Christian Ethics in a Modern World: Parallels from the Days of Noah to Contemporary Biomedical Dilemmas

(Part 4 of a 5-Part Series – Christian Ethics Conference, Carryduff Free Presbyterian Church, February 2008)

Part 1: Adultery
Part 2: Abortion
Part 3: Euthanasia
Part 4: Stem Cell Research
Part 5: Homosexuality

Preacher: Dr Lindsay Wilson

Overview of the Conference and Speaker Background

In February 2008, Carryduff Free Presbyterian Church in County Down, Northern Ireland, hosted a landmark five-part Christian Ethics Conference. This series was a deliberate response to the accelerating moral and scientific challenges of the early 21st century, including debates over abortion, euthanasia, human origins, and emerging biotechnologies such as cloning, stem cell research, and in vitro fertilisation (IVF). The Free Presbyterian Church of Ulster, founded in 1951 under the leadership of Rev. Ian Paisley, has long emphasised biblical inerrancy, Reformed theology, the doctrines of grace, and strict separation from ecumenism and compromise. The conference embodied this commitment, equipping believers to confront contemporary issues with unwavering scriptural authority.

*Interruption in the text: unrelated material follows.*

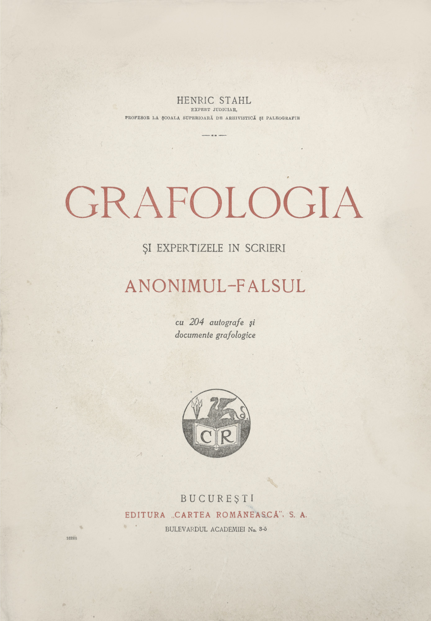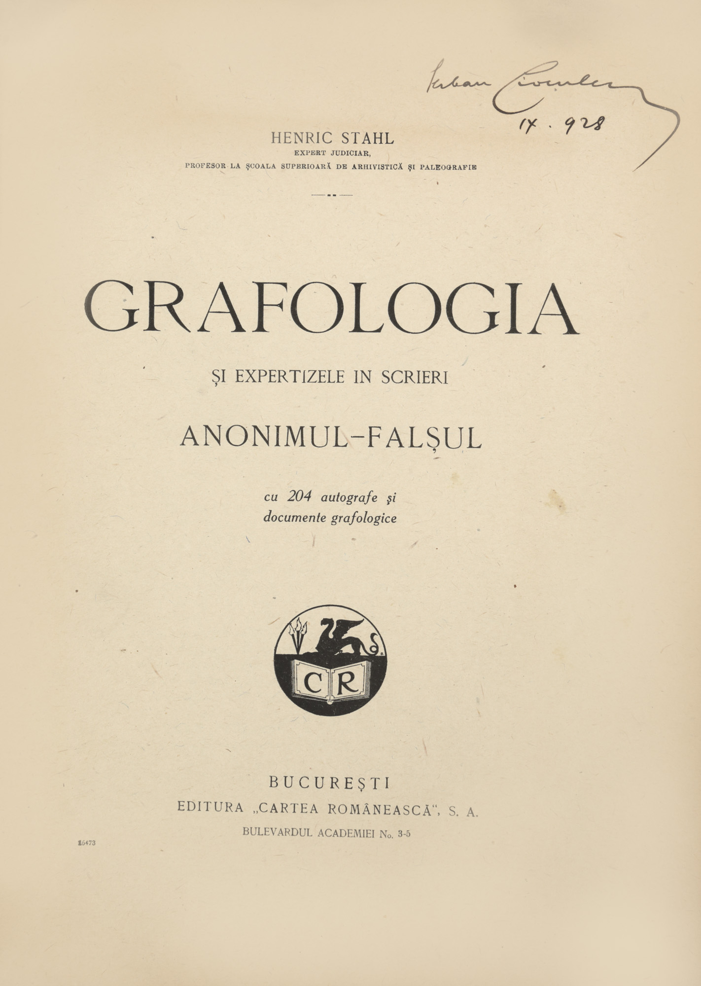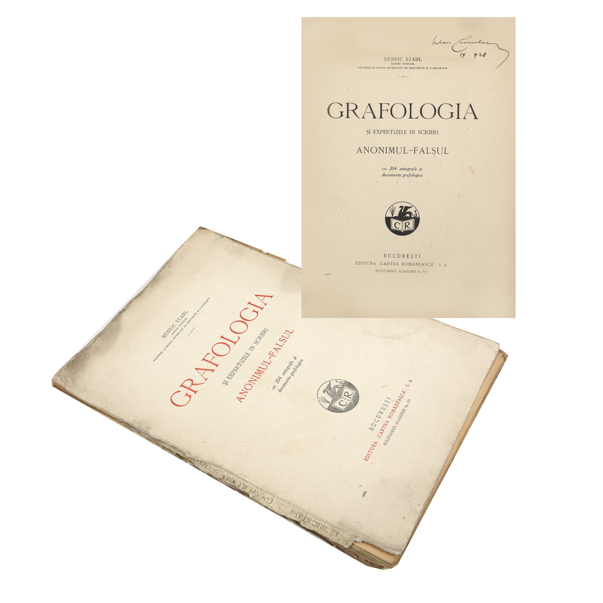 61. "Grafologia și expertizele în scrieri", de Henric Stahl, București, 1931, cu ex-libris, provine din colecția criticului literar Șerban Cioculescu

The gatherings took place over several evenings in the church’s modest yet fervent setting, with each session building progressively on biblical foundations. Earlier parts, including messages by Rev. David McLaughlin on adultery (from Mark 6:14-29) and the sanctity of life from Psalm 139, laid the groundwork by affirming that human life begins at conception and carries inherent divine value. Dr Lindsay Wilson’s session on the fourth evening served as a pivotal application of these principles to advanced biomedical practices, using Genesis chapter 6 as a prophetic mirror to modern society.

Dr Wilson, at the time minister of Castlederg Free Presbyterian Church in County Tyrone, brought a rare combination of pastoral authority and medical insight. A qualified General Practitioner (GP) with years of clinical experience, he had trained alongside 150 peers and witnessed firsthand the ethical pressures within the profession. Just weeks earlier, in January 2008, he had been elected Deputy Moderator of the Free Presbyterian Church of Ulster, underscoring his standing within the denomination. Raised in Portadown and influenced by local Free Presbyterian congregations, Dr Wilson has continued an active preaching ministry. Recent sermons, such as one on “Assisted Dying” (from 2 Samuel 1:1-16) delivered in July 2025 at Annalong Free Presbyterian Church, reflect his ongoing engagement with life-and-death ethics, demonstrating the enduring relevance of the 2008 conference themes.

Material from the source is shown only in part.